Когда Сашка, самый младший в группе, неосторожно задел чучело рукой, из его вспоротого живота посыпались зубы. Десятки желтых, почерневших, сломанных зубов. Они звонко застучали по бетону, подпрыгивая, как живые. А потом - тишина. И в этой тишине они услышали, как где-то в темноте кто-то начал медленно, методично хлопать в ладоши.
Третий уровень был хуже. Здесь стены дышали. Буквально. Бетон вздымался и опадал под слоем черной плесени, как грудь спящего великана. Их фонари выхватывали из темноты рисунки - детские каракули, выполненные чем-то бурым и липким. Домики. Деревья. И человечков с неестественно длинными руками, которые тянулись к другим человечкам, поменьше.
Их гид, Костя, первым заметил дыру в полу. "Ребята, посмотрите..." - начал он, но не закончил. Бетон под ним внезапно стал мягким, как тесто, и он провалился без звука. Только влажный хлюп, когда его тело ударилось о поверхность воды где-то внизу.
Сталкеры подбежали к краю и увидели болото. Настоящее, древнее, с черной водой и маслянистой радужной пленкой на поверхности. Из воды торчали ржавые трубы, как кости доисторического зверя. И там, что-то плавало на поверхности.
Потом появились головы. Они всплывали медленно, не спеша, как будто знали, что времени у них много. Мокрые, покрытые тиной, с волосами, слипшимися в грязные сосульки. И улыбки. Те же улыбки, что и у повешенного наверху.

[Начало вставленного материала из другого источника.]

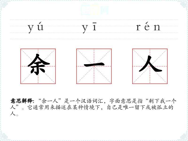 - 口语:在日常对话中,这个词可能用来表达自己在某个群体中的孤立感,如“聚会结束后,大家都走了,余一人留在原地”。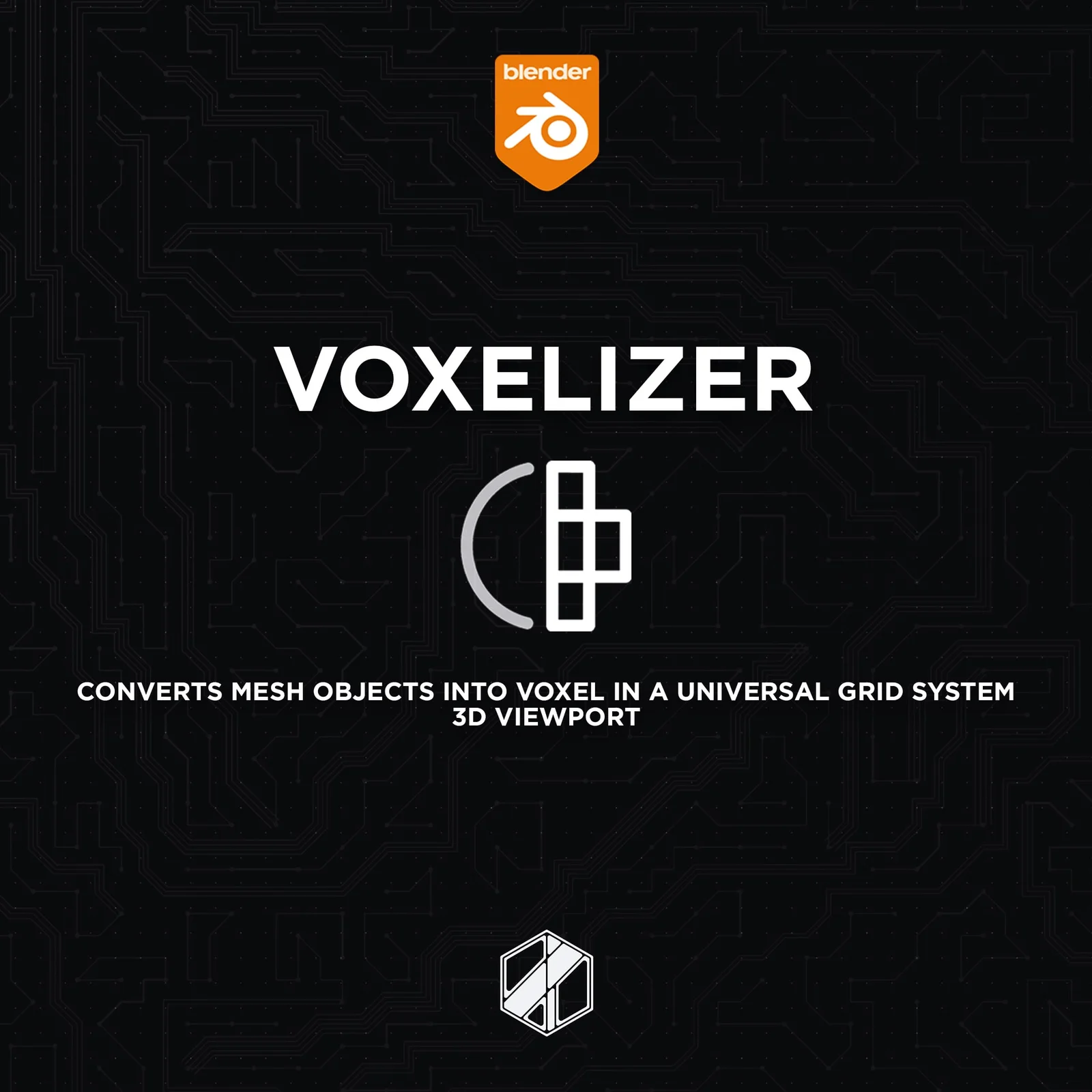 Voxelizer is a tool that converts standard 3D meshes into voxel-style cubes based on a universal grid system. Users can adjust the voxel resolution, set the proper bounding box origin, and snap elements to the grid. The tool operates from a custom tab in the 3D viewport and supports content-aware editing, providing a workflow for generating Minecraft-style assets and abstract 3D elements.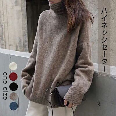 セーター プルオーバー レディース ハイネック カジュアル 長袖 ニットセーター リブ トップス プルオーバーセーター 秋冬 無地 ゆったり ふんわり
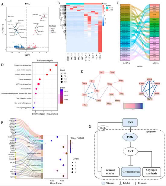 lncRNAs profile of seminal plasma exosomes in semen containing low or high rates of sperm with CDs. (A) Volcano map of 503 DElncRNAs between the high CD rate group and low CD rate group. (B) Heatmap of DElncRNAs. (C) Prediction of target genes for DElncRNAs. (D) KEGG pathway enrichment analysis of DElncRNAs target genes. The top 10 significant pathways are displayed. (E) Core interaction network modules for the target genes of DElncRNAs. (F) Demonstration of target genes enriched in key pathways. (G) Schematic diagram of the insulin signaling pathway. In the figure, the relevant genes in the pathway represented in blue are the target genes of the DElncRNAs.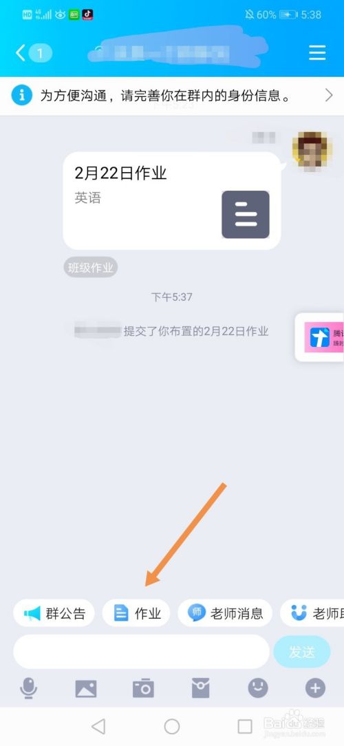 1、打开QQ家校群,点击“作业”。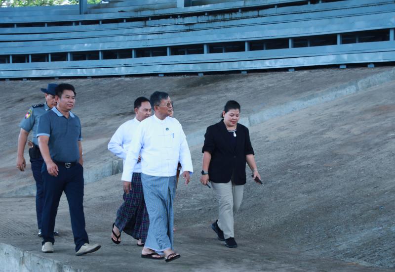 Union Minister for Religious Affairs and Culture U Tin Oo Lwin inspected the construction works of the Myanmar Art Centre (Yangon) on Mindhamma Road, Insein Township, Yangon, on 21 September.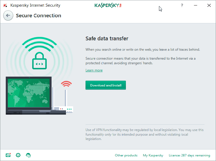 Nếu bạn đang sử dụng Kaspersky Secure Connection tại Belarus, Oman, Pakistan, Qatar, Iran, UAE, Ả Rập Saudi, Hồng Kông hoặc Trung Quốc, vui lòng thông báo rằng việc sử dụng công nghệ VPN hoặc bất kỳ yếu tố nào của công nghệ VPN có trong Kaspersky Secure Connection là tuân theo luật pháp và quy định của địa phương. Vui lòng đảm bảo việc sử dụng Kaspersky Secure Connection tuân thủ mục đích sử dụng cũng như luật pháp và quy định của địa phương.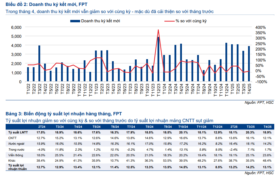 Doanh thu mới ký kết vẫn chưa có dấu hiệu phục hồi, chỉ tăng khiêm tốn 10% yoy trong 4 tháng đầu năm 2025 đạt 15,400 tỷ đồng, nhưng giảm 6%yoy trong tháng 4 (3,879 tỷ đồng, nhưng tăng 15.5% mom). Đà tăng trong 4 tháng đầu năm 2025 chậm lại phản ánh những bất ổn liên quan đến tình hình kinh tế và địa chính trị toàn cầu, tác động đến các quyết định chi tiêu cho lĩnh vực CNTT của doanh nghiệp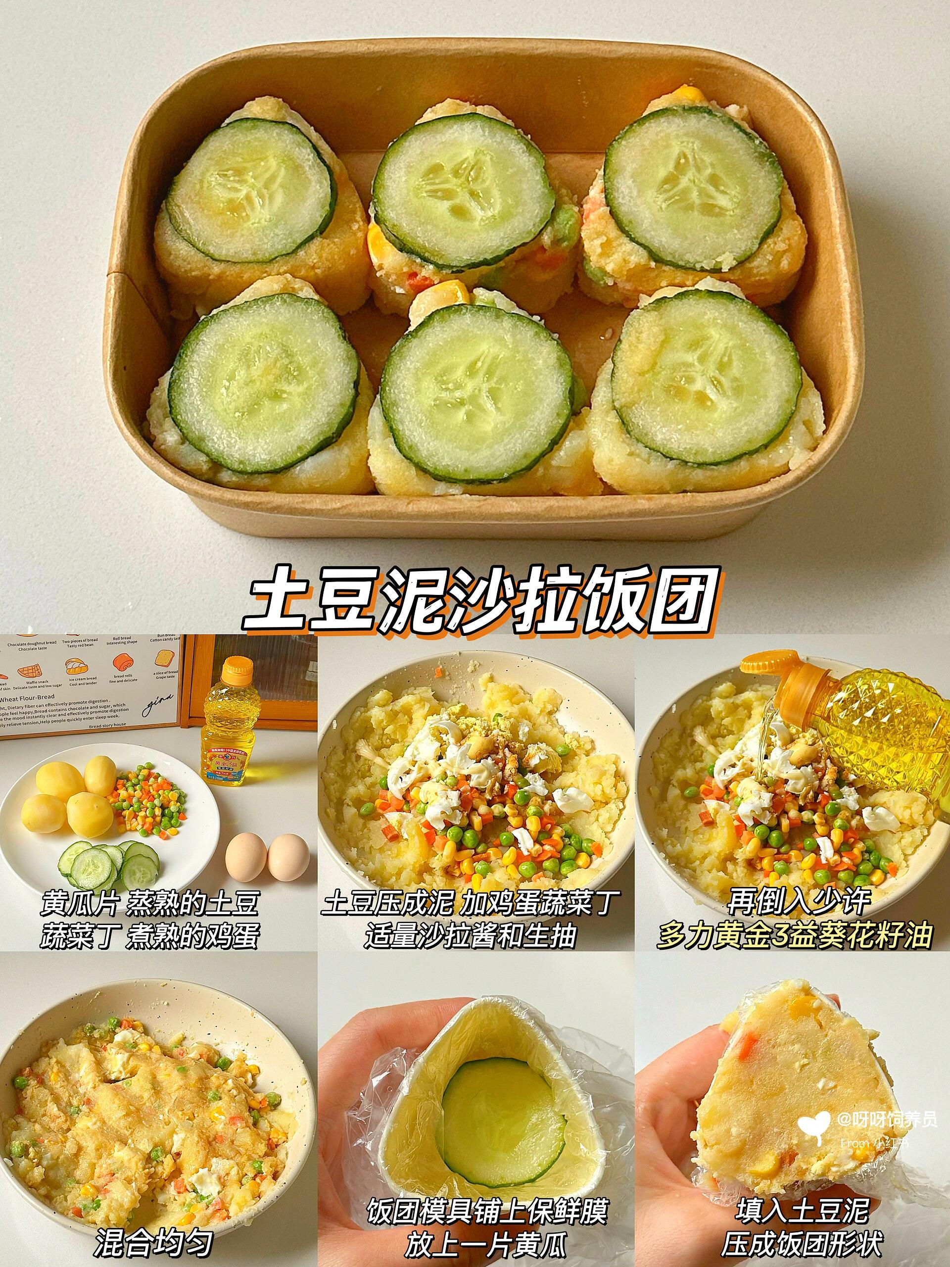 • 口感:土豆泥混合蔬菜丁和沙拉酱,压成饭团,顶部盖一片黄瓜,清爽不腻,适合不爱吃蔬菜的宝宝!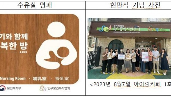 □ 이천시는 세계모유수유주간(8월 1일 ~ 7일)을 기념하여 2023년 8월 7일 경기이천시육아종합지원센터 아이랑카페 1호점內 수유실에, 인구보건복지협회에서 지원하는 “아기와 함께 행복한 방” 명패교체 현판식과 캠페인 추진을 진행했다. □ 경기이천시육아종합지원…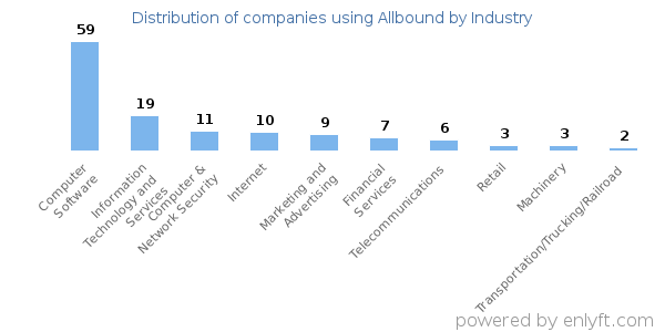 We have data on 156 companies that use Allbound. The companies using Allbound are most often found in United States and in the Computer Software industry. Allbound is most often used by companies with 50-200 employees and 10M-50M dollars in revenue. Our data for Allbound usage goes back as far as 6 years.
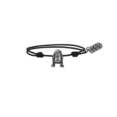 Pulsera de R2D2 de Star Wars bañado en plata 15 micras sw1004b0310, pieza de 5 milímetros de ancho con nylon negro de 1 milímetro de grueso con nudos corredizos, dos medida de pulsera S o L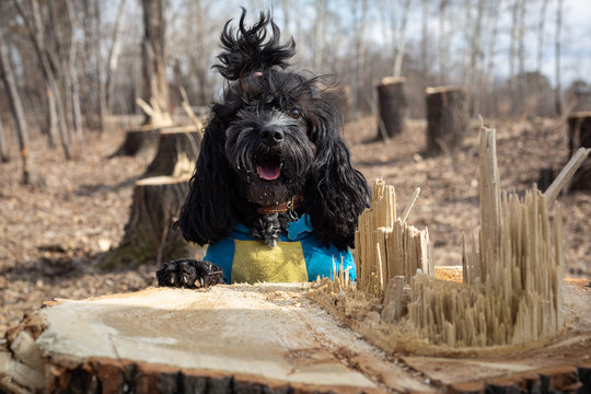The dog leaned on a stump of a freshly sawn tree in a spring park in the afternoon.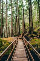 Deze reisfoto schoot ik in een regenwoud in Canada. Een donkere, houten brug loopt over een klein riviertje midden in het donkere bos. De foto heeft prachtige rijke groene, gele, oranje en bruine tinten. Ideale herfstfoto!

Питерцы бежали, спотыкаясь, падая, царапая руки о шершавые стены. Они не оглядывались, но знали - за ними кто-то идет. Они слышали мокрые шаги, тяжелое дыхание из темноты.
Теперь, спустя месяцы, последний оставшийся в живых член группы просыпается ночью от звука капающей воды. Он знает, что это не сон. Это напоминание. О том, что они никогда не выходили из подвала. Что подвал просто... отпустил их на время. Чтобы страх успел созреть. Чтобы было вкуснее.
А когда он открывает рот, чтобы закричать, его язык натыкается на что-то твердое. На что-то, чего там не было раньше. На маленький, сколотый зуб, который шевелится у него во рту, как живой. Хирурги извлекли этот инородный вросший организм, но затем он был “утерян”
Дело № 3874/п по факту исчезновения лиц на территории недостроенной Ховринской больницы прекращено за отсутствием состава преступления. Прилагаемые фотоматериалы (24 листа) не содержат следов противоправных действий.
Примечание инспектора МВД Чернова А.И.
"Осмотрены все помещения. Указанной потерпевшими "дыры в полу" не обнаружено. Водоемов на территории нет. Рекомендовать психологическое обследование свидетелей."
*"Шкаф №14 в архиве МВД продолжает намокать. Сегодня утром на полках стояла вода. Не та, что протекает сверху - плотная, маслянистая, с плавающими в ней... (далее текст зачеркнут)"*
Последняя страница из дела
ОНИ НЕ УШЛИ ОНИ НЕ УШЛИ ОНИ НЕ
Приложение изъято как не относящееся к делу. Дело закрыто.